Indeed, conservative reaction to ongoing developments produced a proliferation of bills that concerned school instruction. One kind of bill, adopted by 43 states by 1931, required mandatory instruction in the Constitution. While these bills may not be identical to the Texas bill discussed above, they certainly rhyme. As one key proponent noted, the point of the bills was to establish a “uniformity of instruction” throughout the country focused on instilling patriotic devotion. The aim was to prevent socialist or progressive teachers at the local level from educating students to critically evaluate the Constitution or the principles of 1776. The purpose of education, according to the bills’ sponsors, was above all instilling loyalty in the established institutions and in American nationalism.
A second set of bills at the state level, which also proliferated during the 1910s and 20s, were concerned with English-only instruction. These bills went hand in hand with national origin quotas at the congressional level, which banned migration from Asia and Africa and dramatically constricted migration from southern and eastern Europe. After the enactment of these quotas, over 80 percent of the people who entered the country were from western and northern Europe, and the percentage of foreign-born people in the US would decline from 10-15% to just 5% over the course of the mid-20th century.
Why is it that school instruction became such a galvanizing site of white reactionary politics?
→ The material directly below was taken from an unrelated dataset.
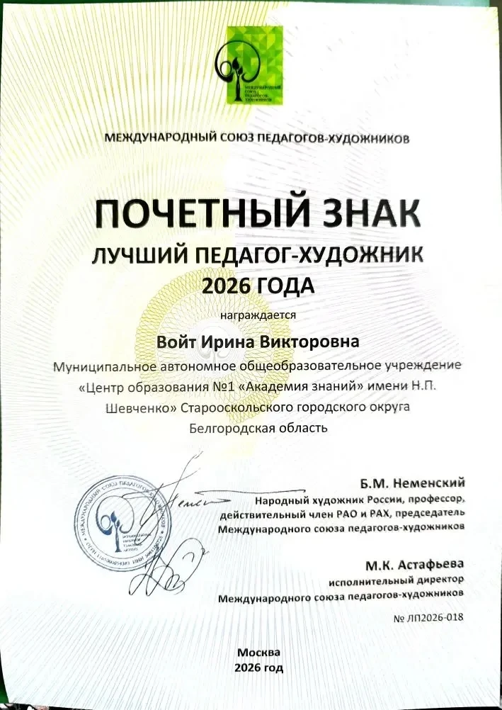 • Учитель изобразительного искусства Ирина Викторовна Войт принимает участие в 11 Международной выставке педагогов-художников «Образ моей страны» и получила почетный знак «Лучший педагог-художник года».

And why did schools, in particular, become a space for cementing alliances between nativist groups, the business right, and even the second Klan of the 1920s—the latter as much an organization of the North and West as the South?
For each of these groups, there was an immediate power to talking about indoctrination in schools. Compared to abstract conversations about labor rights and the nature of regulation, the focus on schools allowed the business right to point to a creeping socialism—“government-run” schools—that had a direct effect on the capacity of families to control the terms of instruction of their own children. Similarly, for nativist groups, these bills provided a way of tapping into a mass constituency for their aims. Such laws identified a specific threat to an Anglo-European cultural identity—a threat that, through schooling, was turning children against parents, and in doing so, breaking the basic terms of traditionalist American society.